Несколько таких грамот дошло от 40–50–х гг. Эти современницы «Стоглава» по строгости тона неоднородны. Одни вполне совпадают с только что цитированными документами, в других тон ужесточается. Круче всех приговорная намять Собора Троице–Сергиева монастыря 1555 г.: «Не велели есмя им в волости держати скоморохов, ни волхвей, ни баб ворожей… а учнут держати, и у котораго сотскаго в его сотной выймут… и на том сотском и его сотной взяти пени десять рублев денег, а скомороха или волхва или бабу ворожею… бив да ограбив, да выбити из волости вон». Здесь скоморохи приравниваются к колдунам и ведуньям.

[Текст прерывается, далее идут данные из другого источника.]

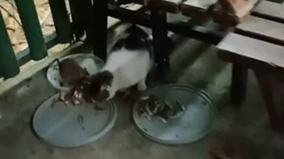 Yemeğini yiyen fareyi gören kedi, bir şey olmamış gibi yemeğini yemeye devam etti.
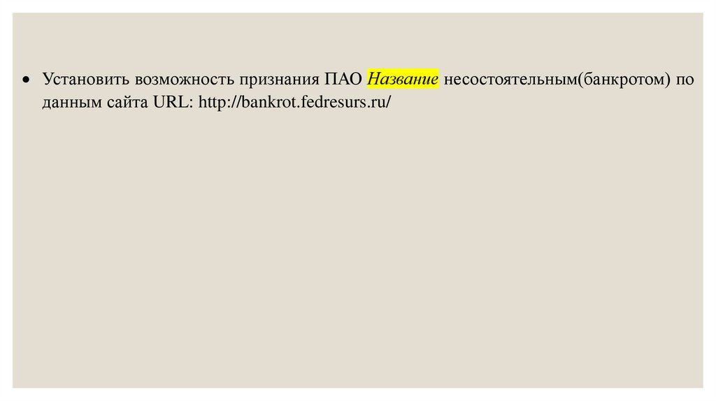 Установить возможность признания ПАО Название несостоятельным(банкротом) поданным сайта URL: http://bankrot.fedresurs.ru/

Весь этот материал свидетельствует о том, что на протяжении столетия, которое предшествовало Стоглавому Собору, общественная и культурная репутация скоморохов менялась, и менялась резко. Три ее оттенка, по–видимому, соответствуют трем этапам истории скоморошества. В ретроспекции это выглядит следующим образом. Для некоторых церковных кругов середины XVI в. характерно появление репрессивной тенденции (идеологически она была подготовлена еще митрополитом Даниилом) [41], которую так ярко выразили троицкие иноки. Связь с Троицей не случайна и любопытна: здесь провел последние годы жизни Максим Грек, отрицавший скоморошество [см. Ржига, 105–106], здесь впоследствии, под крылом Дионисия Зобниновского, прошел курс благочестия Иван Неронов. Не получив чаемой поддержки Ивана Грозного, репрессивная тенденция до поры до времени как бы сохранялась под спудом, чтобы снова пробить себе дорогу при первых царях из дома Романовых. Что ей противостояло? Что ей реально и стадиально предшествовало?

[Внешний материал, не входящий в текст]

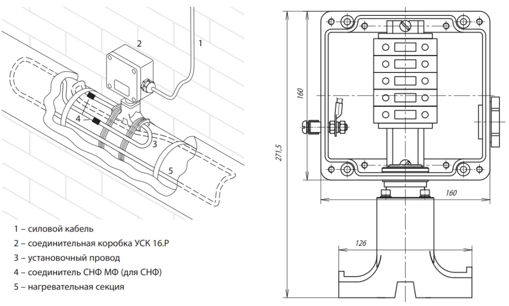 Коробка УСК 16.Р предназначена для подключения к силовой сети электрических нагревательных кабелей постоянной мощности типа СНФ и ТМФ. Коробка крепится непосредственно на трубопроводе. Коробка позволяет выполнить подключение одного или двух ниток нагревательных секций «петлей», либо 3 секций по схеме «звезда». Конструкция корпуса обеспечивает защиту от проникновения влаги и пыли IP66 и высокую коррозионную стойкость. Применяемые клеммные наборы позволяют обеспечить подключение многожильных или одножильных проводов сечением от 1,5 до 16 мм².

Ей предшествовала идея культурного компромисса, отчетливо выраженная в большинстве жалованных грамот. На этом компромиссном этапе предусмотрена возможность выбора. Общение со скоморохами объявлено делом вполне добровольным. Каждый волен пользоваться или не пользоваться их услугами. Это выглядит как некая новая привилегия, а привилегии всегда даются в соответствии с альтернативным принципом: либо можно делать то, что разрешено, — либо можно делать то, что не запрещено. Отныне и впредь начальствующим лицам (ловчим, тиунам, старостам и т. д.) не запрещено применять административную силу против силы культурной, ополчаться против тех скоморохов, которые «учнут… по деревням… играти сильно», т. е. насильно, без приглашения сельского общества или какого–нибудь обывателя. Таковых надлежит высылать из волости вон, и денежной пени за высылку платить не придется. Значит, раньше так поступать запрещалось.
Попробуем, рассуждая от противного, восстановить в общих чертах ту ситуацию, которая предваряла компромиссную и была до 1470 г. общепринятой, нормальной. (Дата, конечно, условна: аналогичные грамоте князя Юрия Васильевича Дмитревского документы могли появляться и раньше; может быть, они до нас не дошли.) Получается неожиданная, просто поразительная картина — картина некоего «золотого века» скоморохов. Они играют в обстановке полной свободы; более того, им не возбраняется действовать «сильно», принуждать людей к игре. Если обыватели ропщут, то обязанность начальства — пресечь протесты. Если сами начальники разделяют недовольство «сильной игрой», то они нарушают порядок. Изгонять скоморохов нельзя, за это предусмотрен особый штраф. «Скоморошья примета, что в пир без привета», — гласит сохранившаяся в записях XVII в. пословица [Дмитриев, 1972, 45]. Без спросу, «сильно» является на пир скоморох. Он не гость и не шут, не забавник, за деньги или просто так потешающий честной народ, потому что и гостя и затейника без хозяйского зова в дом не пустят. Кто же он?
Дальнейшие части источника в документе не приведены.